Turkish and Azerbaijani/Final report

From Apertium
Jump to navigation Jump to search

placeholder

Description

Statistics

Dictionaries
  • azmorph lexicon:7375
  • trmorph lexicon:7970
  • tr-az bidix:8208
Coverage
  • Turkish Wikipedia ( , std. dev.: )
  • Turkish SETimes ( , std. dev.: ) 84.84591576 +/- 0.568940593619
  • Turkish ... ( , std. dev.: )
Rules
Error rate
File Num. Words % OOV WER (Sur) PER (Sur) WER (Lem) PER (Lem)
setimes.kosova_plate.tr.txt 243 13.83 21.74 20.95 - -
setimes.kosova.tr.txt 424 - - - - -
setimes.bulgar.tr.txt 395 - - - - -
wikipedia.kadinlar_askerler.tr.txt 1165 - - - - -

How did GSOC go

The GSOC has been a very stimulating (no homo) and challenging. Our plan, at the beginning, was to settle somewhere around 85% of coverage (and we did), with an accuracy in translation between 75% and 85%. I'd say I'm quite satisfied with the thing itself: the translation is easy to post-edit, so that the software is definitely usable. Could it be better? Sure it could, but we are gonna talk of it in the "FUTURE" section.


THE SOFTWARE

The software consists of: apertium framework (which we didn't touch at all), a morphological analyzer for turkish, a generator for azerbaijani, a bidix and a set of CG rules.

What I am happy with

1. Bidix: the bidix is quite vaste. 8000 words are actually a lot of words for agglutinative languages. We set our goal at 10.000 words, which was too much for a language like turkish. So, yes, i'm satisfied with it.

2. The team: it seems that we could manage to get a team of knowledgeable people to fix most of the issues. Pros about the team: nobody knows turkish well but we are all able to reason over it and find better solutions and categorizations than OHOHIHAVEAPHDINTURKISHLINGUISTICS people. (Yes, i'm talking of the people who wrote the infamous Routledge Comprehensive Grammar of Turkish). Another point that should probably be investigated is how beneficial variety in the group is to the project. Our group was quite mixed (we had in fact an engineer, a linguist and a nothing -me-) and we had, almost daily, bits of the eternal struggle between sein and sollen, with the linguist playing the part of the guy who always wanted to do things "in the right way" and the software developer playing the "the way it will work sooner" part. I was in the middle of the struggle and my initial position, which was more on the linguistics side of struggle, shifted towards the necessity of doing something that works. When somebody changes his point of view I think we can safely say that the discussion has been productive.

3. CG: Yes, the CG is not that good. The point is that the lexicon contained in TRmorph is horrible and hence it makes the disambiguation hard, if not impossible. Our CG set is pretty basic and messy, nonetheless it serves the purpose quite well. There are known issues with disambiguating turkish using a CG, we are aware of that. We plan to add a more sophisticated CG in the next months. Having ~80% of words translated well, with most of 20% of mistakes consisting of azmorph wrong morphology makes me think that the CG works quite well, given that in some cases a wrong disambiguation is not that detrimental to the translation, since we usually get many free rides, given the fact that turkish and azeri are really closely related languages.

4. Apertium and HFST: We didn't have to touch the code at all (I honestly wouldn't be able to) but the software proved its usefulness anyway. I have no idea if the tools the software provides us with would be enough to translate between two less-related languages. With turkish-azeri it worked pretty well. I think we can say that we can use Apertium to develop, in future, more pairs having turkish as a source language.

5. Turkish language: I definitely think that working at turkish-azerbaijani made us face the complexity and uniqueness of the turkish language. Dealing with turkic languages, while being all native speakers of IE languages, is sometimes frustrating and generally hard.

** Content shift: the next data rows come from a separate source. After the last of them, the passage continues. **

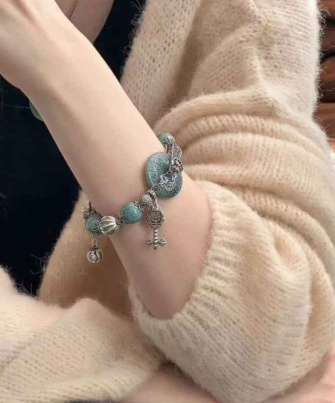 Fine Blackish Green Sterling Silver Jade Ping Buckle Charm Bracelet
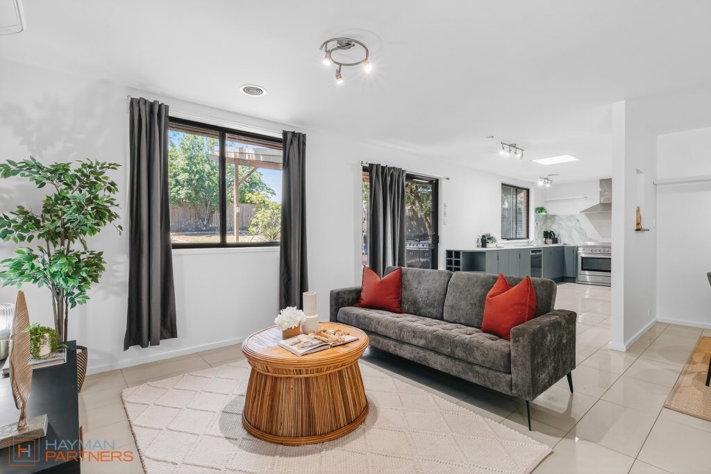 All three bedrooms are privately positioned at the rear of the home and include built-in robes. The renovated bathroom offers full-height tiling, a modern vanity and the added convenience of a separate toilet.
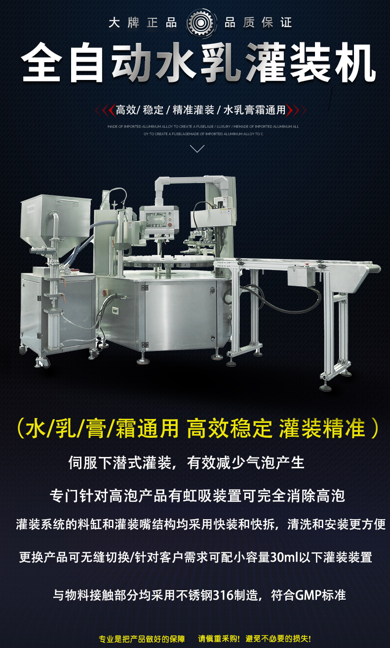 1、先要確定自己要灌裝的產品。有的廠家產品品種多,在購買灌裝封尾機時,希望一臺灌裝設備搞定所有。實際上專用機比兼容機的灌裝效果要好,灌裝范圍不同,型號不同,用料結構差別,價格也不一樣,如果灌裝范圍差距比較大的產品盡可能分開機器灌裝。
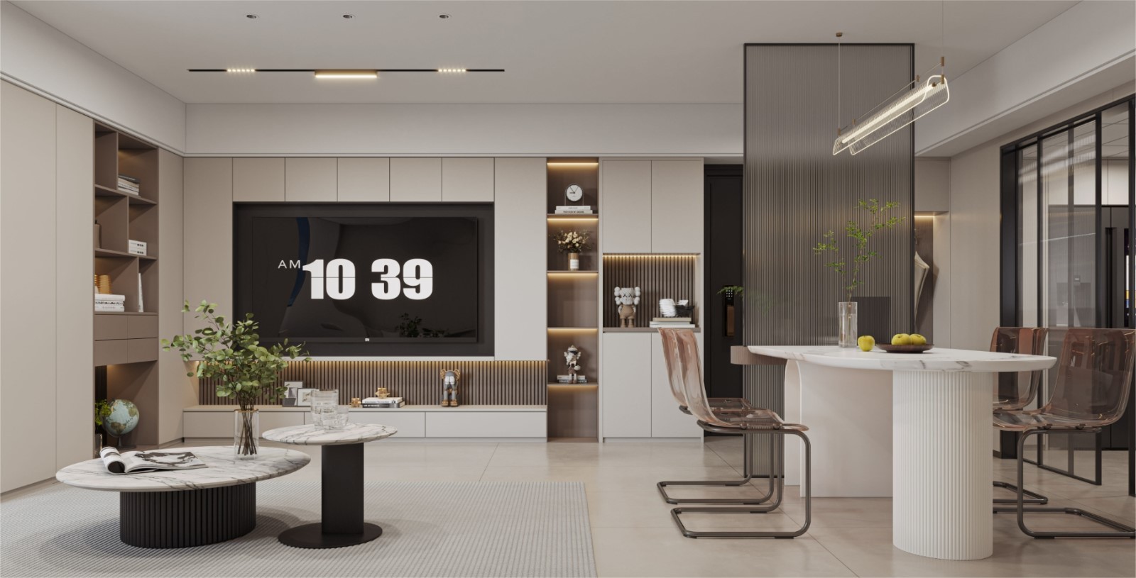 业主平时书籍比较多,需要大量的书柜,所以我电视背景采用了电视内嵌柜子的设计手法,增加了储物功能。原格局入户没有门厅,入户门分割了客厅图的整体性和互动性,所以入户做了屏风,增加了入户的门厅,使餐厅和客厅一体,产生了整体性和互动性。
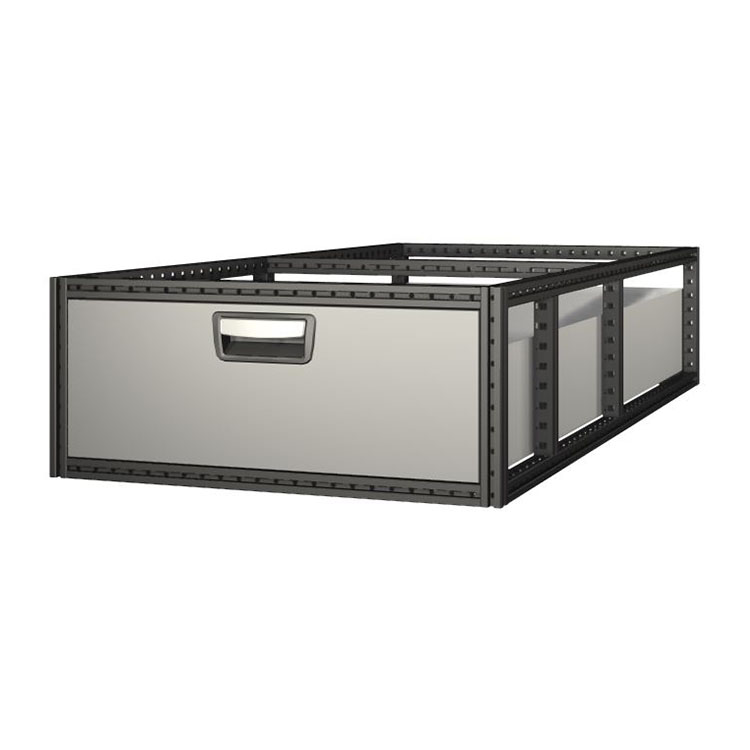 Die extralangen Schubladenmodule haben einen Rahmen aus ultrahochfestem Stahl und Schubladen aus Aluminium. Die Schubladen sind serienmäßig mit Kugellagern ausgestattet. Die Mischung aus festen und flexiblen Lagern macht sie sowohl stabil als auch einfach zu bedienen.
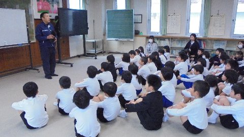 訓練の後は、米倉警察官のお話をしっかり聞き、教室でそれぞれふり返りをしました。学校だけでなく、ご家庭でも不審者の侵入がニュースで流れています。一人で留守番をしているときどんなことに気をつければ良いか、ご家庭で話し合ってみて下さい。
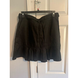 This is a Banana Republic black mini skirt, new with tags. The skirt features a button-down front with a decorative woven belt buckle. It has a ruffled hem and a fitted waistband with belt loops. The material appears to be linen or a linen blend. The skirt is in excellent condition, with no visible imperfections.
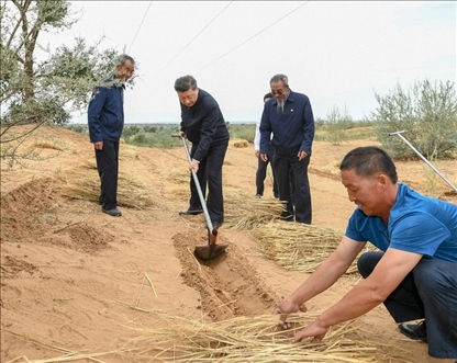 △2019年8月21日,正在甘肅考察的習(xí)近平總書記來到古浪縣八步沙林場(chǎng)。考察中,他拿起一把開溝犁,參與到治沙勞動(dòng)中。
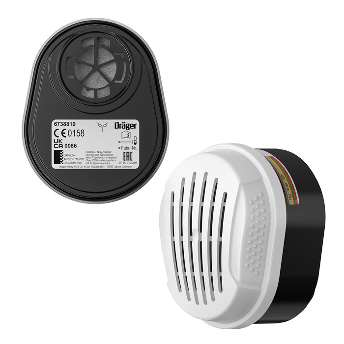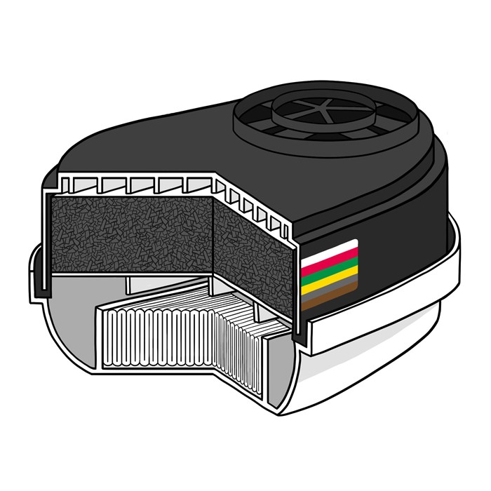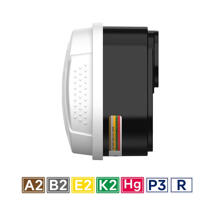 - Gasfilter: A2B2E2K2 Hg, Partikelfilter P3
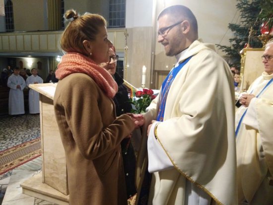 Pod koniec Mszy św. życzenia solenizantowi składały dzieci ze scholi, przedstawiciele grup parafialnych, chóru, członkowie „Margaretki” modlących się za ks. Dariusza i parafianie z Chlastawy, a na zakończenie ks. Dariusz podziękował wszystkim przybyłym parafianom za modlitwę w Jego intencji i złożone życzenia.
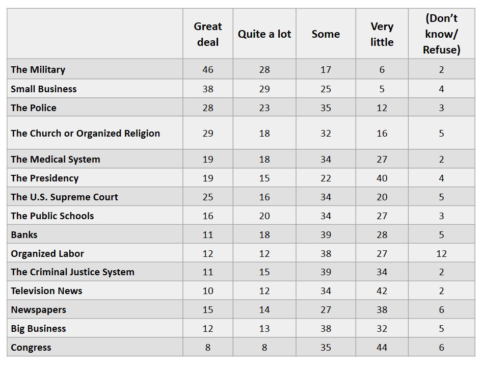 The lowest confidence ratings went to Congress (8 percent), television news (10 percent), the criminal justice system (11 percent), banks (11 percent), big business (12 percent), and organized labor (12 percent). The medical system, presidency, public schools, and newspapers were somewhere in between in terms of confidence.

I'm pretty sure that even people who had no clue about turkish before the project (like my mentor spectie) are feeling really happy for having the chance to approach to it in a scientific and hacking-like manner.

What i am not not happy with

1. Lexicons: the lexicon of TRmorph is really bad. The lexicon of Azmorph, which is derived from TRmorph one, is probably worse.

2. Trmorph and Azmorph: I think it is safe to say that dealing with SFST has been pretty frustrating for everybody.

3. Testing platform: For some reasons i couldn't run the tests properly so that i had to abuse of my mentor's time and patience which ended up making him as frustrated as I am when I eat pasta abroad.

4. Cooperation between students: I know i'm not the most sociable person of the universe. Given that I think that cooperation could be improved. Sadly I think it will probably require a whip.

5. JNW failing at understanding what "jussive" means.


Future work

For the future we are planning to rewrite TRmorph using another standard (probably lexc + twol). I'm already working at the lexicon, which is available at apertium SVN repository.